The only companies considered for inclusion would be large-cap shares already accessible to foreign investors through the Shanghai and Shenzhen stock connect schemes with Hong Kong, according to the new proposal. MSCI will make a decision in June.
“The new proposal indeed increases the chances for inclusion after three years of failure but the impact of the inclusion is going to be very trivial...more like a symbolic move,” said Zhu Bin, analyst at Southwest Securities.
In China’s B-share market, which is traded in US dollars primarily by foreign investors, the Shanghai Stock Exchange B Share Index at one point slumped 4 per cent, but recovered to close at 343.4, down 1.8 per cent.
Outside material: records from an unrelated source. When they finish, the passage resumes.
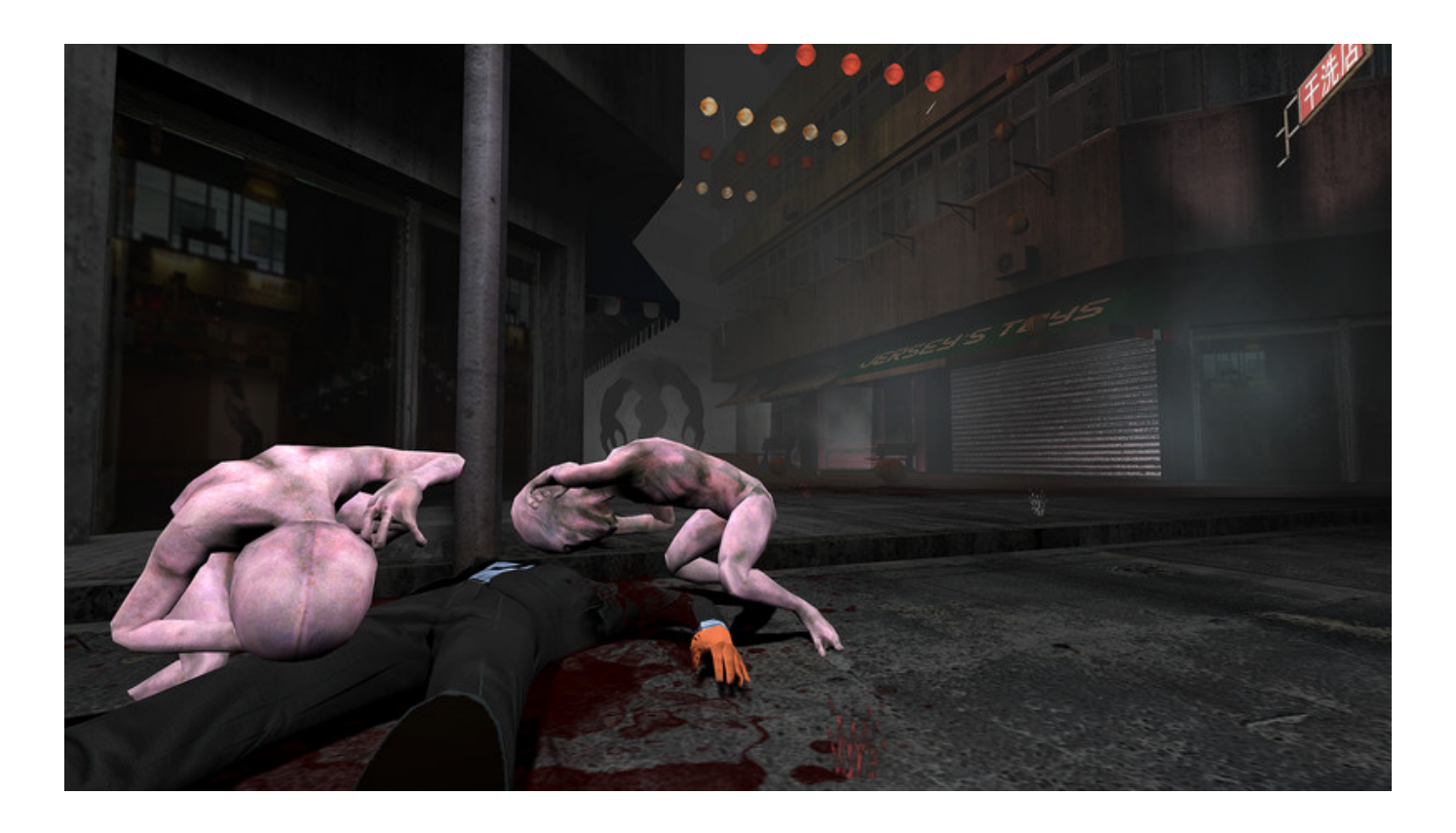
Vee Rethak - Deep Under The Mountain Torrent Download [crack]
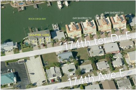
built in 2006 - 3 units - 3 floors
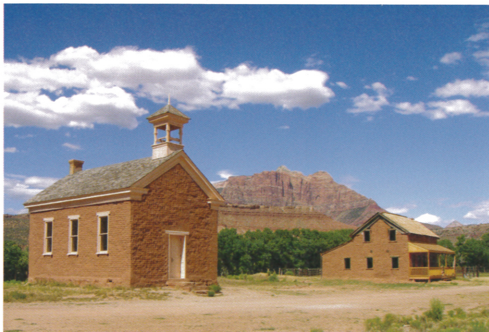
The restored Grafton schoolhouse, front, and the Russell home during its restoration in June of 2004.
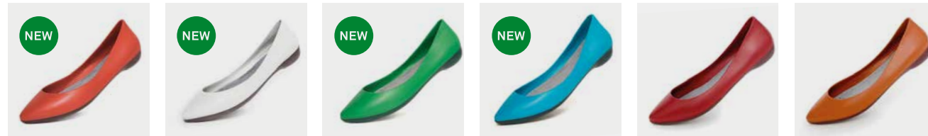
CANDY RED F2-P-CDR CANDY GRAY F2-P-CDG CANDY GREEN F2-P-CDGR CANDY BLUE F2-P-CDB DENIM RED F2-P-DNR DENIM BROWN F2-P-DNB
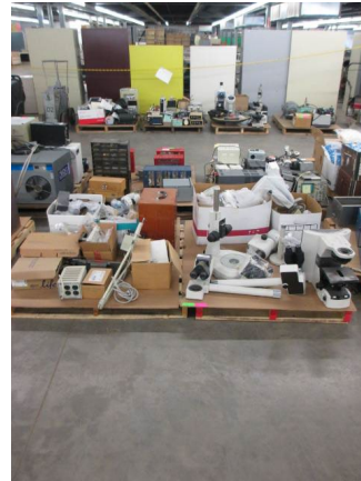
LOT 137 _____
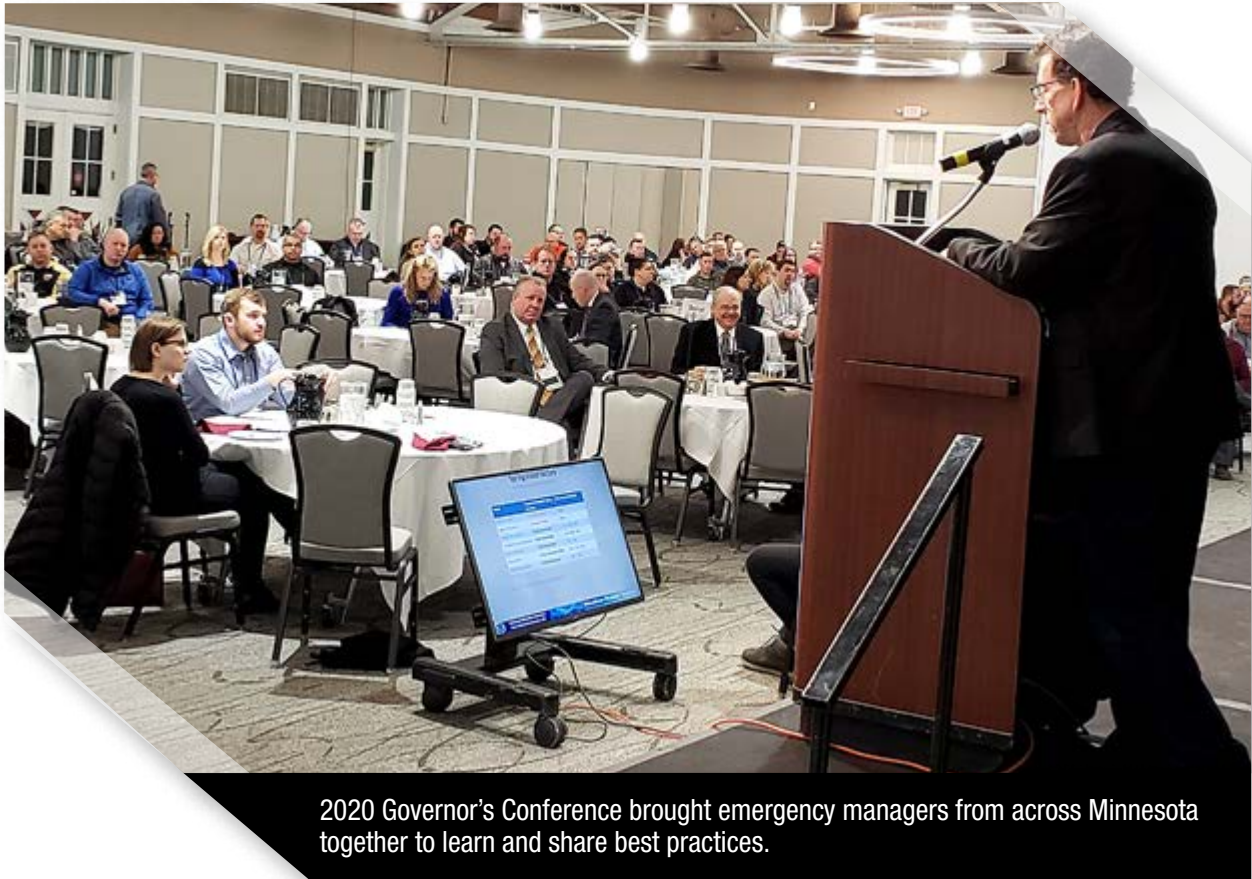
2020 Governor's Conference brought emergency managers from across Minnesota together to learn and share best practices.
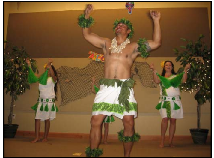
The Siva Maia group perform a traditional island dance.

Residents talked about this event for several days. We plan on making it an annual event and wish to invite the dancers back again. Aloha!
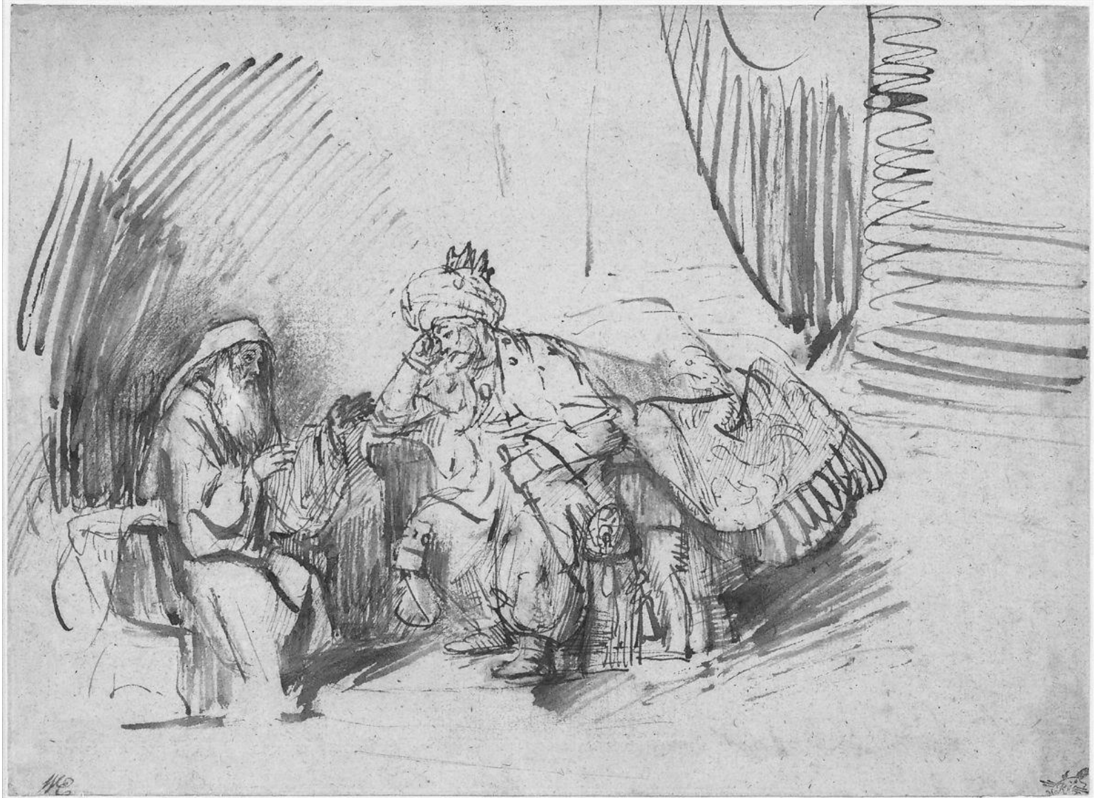
Nathan Admonishes David, Rembrandt Met Museum
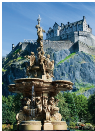
Scotland’s Edinburgh Castle

Day 13: London A panoramic city tour this morning passes such celebrated London landmarks as the infamous Tower of London, grand Parliament and Big Ben, Buckingham Palace, Westminster Abbey,
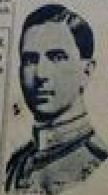
Portrait of a man, likely the subject of the article.

Confidential Sources Are Says by Police That to One—Mason Fitted Burned Inside New New Table Productions
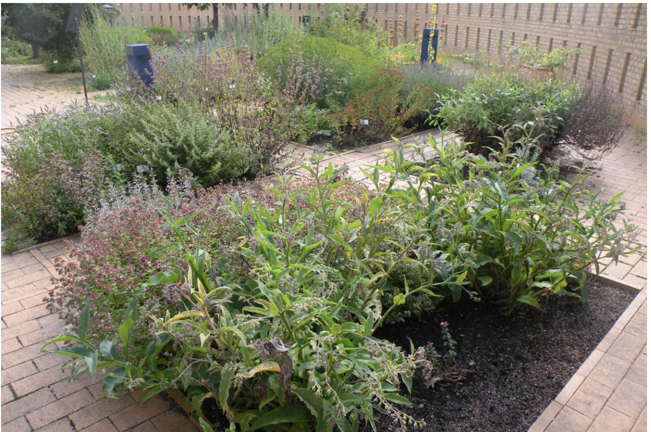
Western part of the herb garden

The Steno Museum's south-facing patio is laid out as a historical medicinal herb garden. It contains more than four hundred species, all with a history as medicinal plants in Denmark or abroad. Part of the garden has been arranged in accordance with the manual on medicine by Henrick Smid in 1546, En skøn lystig ny Urtegaardt ("A Fair and Vibrant New Herbal Garden"). The book describes around 220 plants, a mix of wild and cultivated plants together with the ailments for which they are suited and the ways in which to use them, i.e. either internally or externally. The manual includes a supplement on the preparation of concoctions, oils, etc., to be used for the treatment of ailments. The preface to his manual was written by one of Henrick Smid's friends, Christian Torkelsen Morsing, the first professor of medicine at the University of Copenhagen.
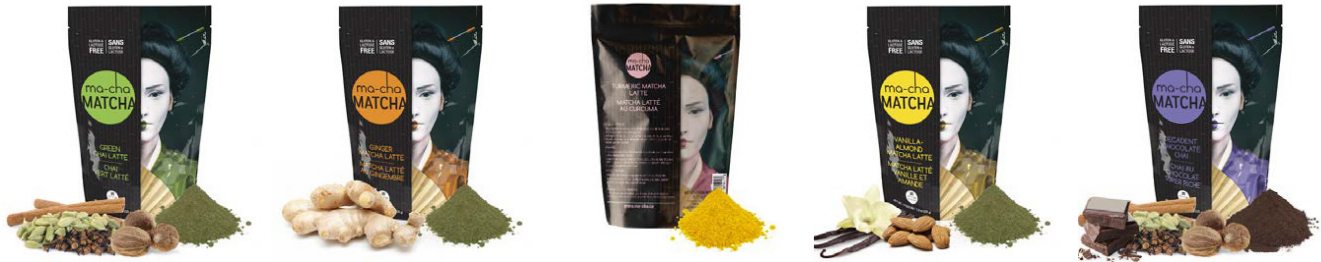
Green Chai Latte, Ginger Matcha Latte, Vanilla –Almond Matcha Latte, Decadent Chocolate Chai, Turmeric Matcha Latte
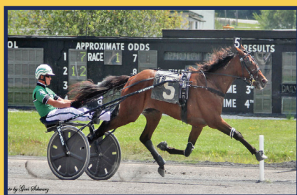
SEVENTIMESALADY 2,1:56.4s ($248,218)

Selling her first filly, and from the first crop of Walner, WALNERIAS STAR , as Hip #173.
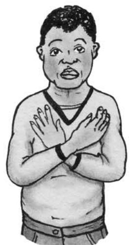
In your chest
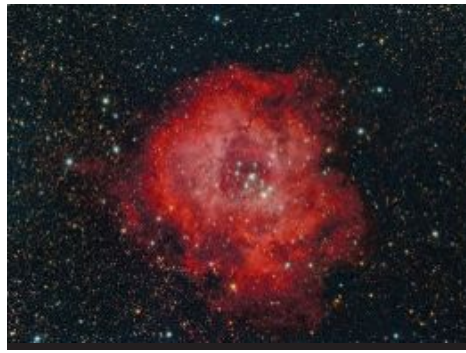
Image 20 - The Rosette Nebula shot through an Esprit 80 with a QHY10 one-shot color CCD camera.

How did it do? Quite well! My LOMO triplet produced a huge rainbow, probably from the flattener as I've since determined, emanating from Rigel, and even my beloved Veloce cannot shoot the Witch Head without some interference from Rigel. But the Esprit 80 delivered beautifully. F/5 is twice as fast as f/7, and jockeying for the astrophotography contest, I only allowed two hours per target. But two hours were all I needed for some nice
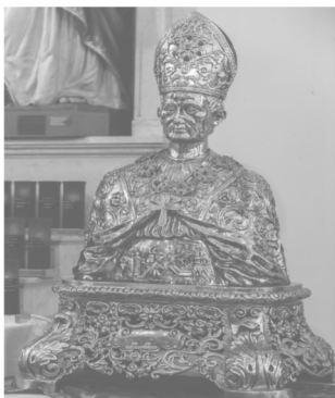
The Shrine Church of The Most Precious Blood is The National Shrine of San Gennaro

MOST PRECIOUS BLOOD SENIOR CLUB: Reminder – Because of the July 4th holiday being so close to the first Wednesday of the month, our senior club luncheon will take place on the second Wednesday in July which is July 12th. Please make a note of this change for July.
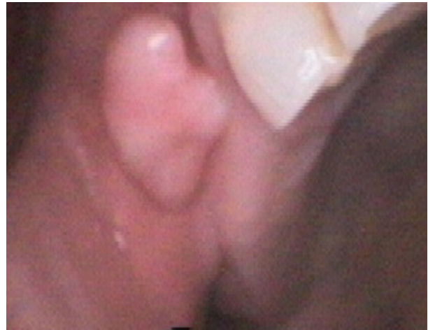
Figure 1 – The tumor formation on the buccal slope of the edentulous maxillary ridge.

The tumor formation positioned on the buccal slope of the right maxillary residual ridge is an obstacle for prosthetic rehabilitation.

“I don’t think the B shares’ movement was the result of the MSCI proposal. B shares are in a severe [state of] lack of liquidity and we saw sudden drops without specific reasons before. But indeed it would affect the sentiment in the A-share market,” Zhu said.
Hong Kong’s stock market, meanwhile, was more driven by company earnings on Thursday.
Acoustics tech supplier AAC Technologies ended 10.1 per cent higher at HK$95.3, outperforming its blue-chip peers after it reported record net profit and revenue for 2016.
Ping An Insurance was up 1 per cent to HK$43.7, boosted by a 15 per cent rise in its annual net profit.
Tech giant Tencent fell 1 per cent to HK$223 after it posted a 41.1 billion yuan (US$6.41 billion) net profit last year, missing the 44.1 billion yuan estimate by analysts in a Bloomberg poll.
“Corporate earnings are the major drivers today,” said Alex Wong Kwok-ying, a fund manager at Ample Finance Group. “The sentiment is pretty bullish after US markets stabilised from Tuesday’s sell-off.”
Wong said the Hong Kong benchmark has yet to show a large gain because investors are still waiting for some blue-chips to post annual results.
China Mobile shares dropped 3.4 per cent after the company posted 0.2 per cent net profit growth, becoming the worst performer among the blue chips.
Oil major CNOOC saw its shares edge down 0.5 per cent before it announced a 97 per cent year on year drop in net profit to 637 million yuan.
China Vanke, China Merchants Bank, Meitu and Sinopec Group are scheduled to announce their annual results on Friday.